May 19, 2024

Obstacles Seen in Poor Areas for New Farmers’ Markets

For years, the Bloomberg administration has labored to improve the eating habits of New Yorkers, banning trans fats from restaurants, urging food purveyors to use less salt and creating special zoning to encourage fresh-food supermarkets to open in produce-poor neighborhoods.

But the city still puts roadblocks in the way of community groups seeking to open farmers’ markets in low-income neighborhoods, says a report to be released on Tuesday by the Manhattan borough president, Scott M. Stringer. Those efforts face excessive fees, confusing rules and a lack of coordination among agencies, the report says.

“Instead of all the red tape, we should roll out the red carpet, because every time one of these farmers’ markets succeeds, you end up serving a community that has no access to this produce,” said Mr. Stringer, considered a likely mayoral candidate in 2013. “I think sometimes the job of the city government is to get out of the way and let things happen organically, no pun intended.”

The city has its own Greenmarket program run by GrowNYC, a nonprofit group that works out of the mayor’s office and operates seasonal and year-round markets throughout the city, partly through a contract with the parks department. While those markets have cropped up in poorer areas in recent years, they have tended to flourish in more affluent neighborhoods in or close to Manhattan.

By contrast, most of the community-based markets are clustered in low-income neighborhoods where officials and even farmers were not convinced they could succeed. GrowNYC markets generally charge higher vendor fees and require that growers be present at the stand, a condition the community markets, operating in less tested areas, cannot always meet.

“When we asked to have a farmers’ market, we were told that farmers don’t want to come to the Bronx because it’s dangerous, or poor people can’t afford organic products,” said Karen Washington of La Familia Verde, a community garden organization active in Crotona, East Tremont and West Farms in the Bronx that started its markets with the help of Just Food, which promotes local and urban agriculture and coordinates 17 markets in the city. “But instead of listening to the naysayers, we figured: since we grow it, we know our community; let’s form our own farmers’ market.”

According to the report, the demand is clear: the city’s 60 community markets took in almost $500,000 in government nutrition coupons in 2009 and 2010.

But organizers must follow different permitting processes depending on where they seek to operate — in, say, a community garden or a park or on a street corner — and the income level of the area. Fees, which must be paid in advance of the selling season, can exceed $1,600 annually, a level that can strain the resources of a small organization. And even after the permits are obtained, vendors can have parking problems, since their permits are not always recognized by city ticket agents.

Mr. Stringer’s report recommends creating a single entity to oversee the markets, a uniform application process, a guide to operations and standard procedures for parking. It also suggests eliminating some fees.
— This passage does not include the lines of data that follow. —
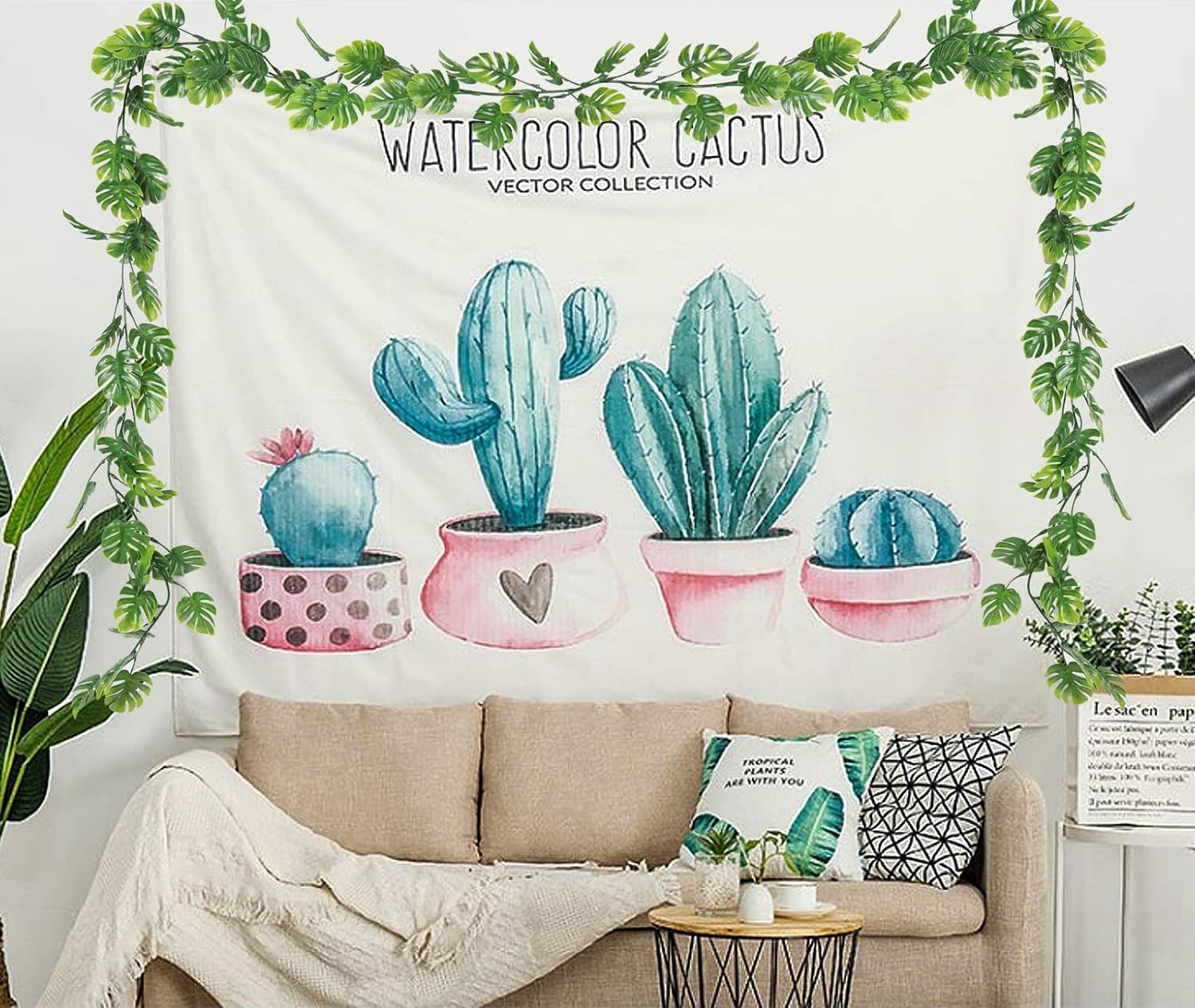 • Size & Packaging:Packag includes: 3 packs of artificial hanging plants and 6 hooks. Each monstera vine is 5.9 ft/180cm long and each monstera leaf appr. 3.2"x 2.16"(LxW), about 69 fake monstera leaves per Monstera Leaf Vine. Each monstera vine is equipped with 2 hooks.NOTE:Due to packaging and transportation, the leaves maybe dropped, you can insert the leaves back after opening the rattan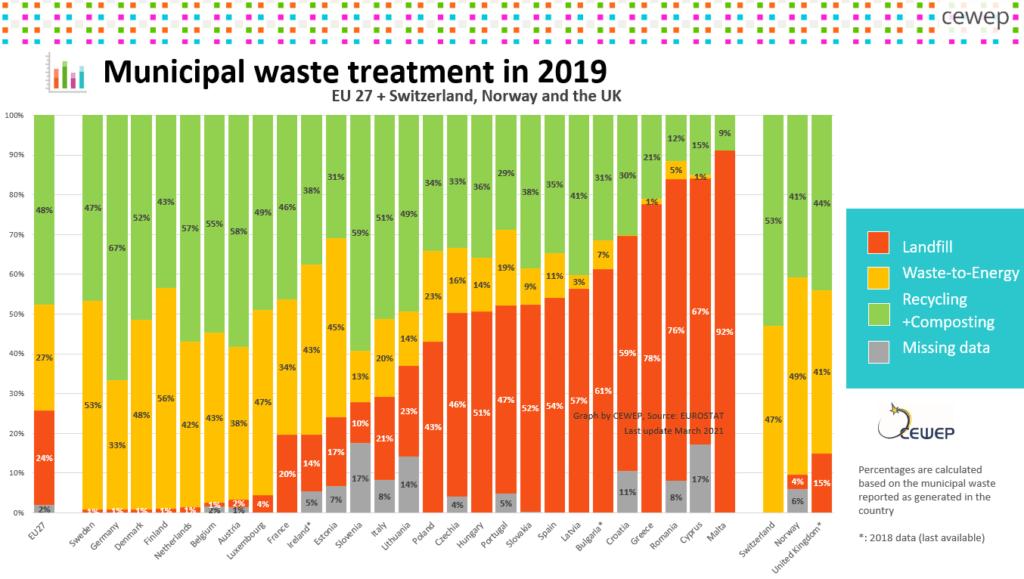 歐洲23國的垃圾焚燒占整個垃圾處理量的比例,已從2010年的22%,增長至2019年的27%。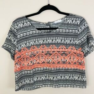Lush by Anthropologie geometric tribal design crop top women’s size Large

Responding to the issues raised by the report, Mayor Michael R. Bloomberg’s office did not acknowledge a problem and had little to say about whether change could be on the way. Asked why the process was so complicated and if the city could do anything to make it easier, a spokeswoman said in an e-mail, “New Yorkers who apply for a street permit to hold a farmers’ market receive a detailed outline of all the necessary steps to make the process as clear as possible.” A follow-up question about those applying for permits for other locations — like parks or community gardens — went unanswered.

The executive director of GrowNYC, Marcel Van Ooyen, acknowledged that the system was complex. “It’s just complicated to work through New York City in anything you do; you have multiple agencies” involved in the regulations, he said, adding that his group had routinely tried to help others negotiate the bureaucracy. He said he was considering creating an online tutorial for anyone thinking about starting a market, to provide all the information in one place.